_Brief_
The answer should hold every line of the listing, unchanged and free of images.

--- --- ---

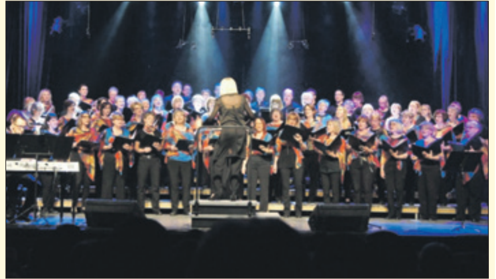
Le Groupe Vocal La-Mi-Sol de Saint-Augustin-de-Desmaures vous offrira son spectacle annuel, « Chante la vie » le samedi 28 mai prochain à 20h00 à la salle Desjardins du Centre Jean-Marie-Roy, 4950 rue Lionel-Groulx.

Il vous est possible d'acheter des billets à la billetterie électronique du groupe vocal à l'adresse suivante : billetterie@groupevocallamisol.org au coût de 25 $ par adulte et 5 $ par enfant (12 ans et moins). ■
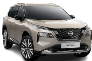
Срібло шампань - KAY
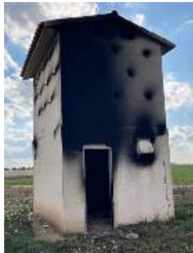
L'altra construcció incendiada

Diverses fonts consideren que el succés no és una vulgar gamberrada sinó que s'assembla a un "acte de terrorisme" la finalitat del qual és llançar el missatge: "prepareu-vos si no feu el que nosaltres diem".
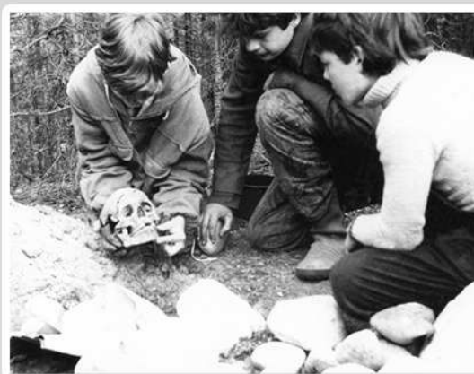
Воспитанники группы «Поиск» рассматривают находки. Экспедиция. М.Ю. Данков. 1989 г.

--- --- ---

_Exercise result_
Le Groupe Vocal La-Mi-Sol de Saint-Augustin-de-Desmaures vous offrira son spectacle annuel, « Chante la vie » le samedi 28 mai prochain à 20h00 à la salle Desjardins du Centre Jean-Marie-Roy, 4950 rue Lionel-Groulx.

Il vous est possible d'acheter des billets à la billetterie électronique du groupe vocal à l'adresse suivante : billetterie@groupevocallamisol.org au coût de 25 $ par adulte et 5 $ par enfant (12 ans et moins). ■
Срібло шампань - KAY
L'altra construcció incendiada

Diverses fonts consideren que el succés no és una vulgar gamberrada sinó que s'assembla a un "acte de terrorisme" la finalitat del qual és llançar el missatge: "prepareu-vos si no feu el que nosaltres diem".
Воспитанники группы «Поиск» рассматривают находки. Экспедиция. М.Ю. Данков. 1989 г.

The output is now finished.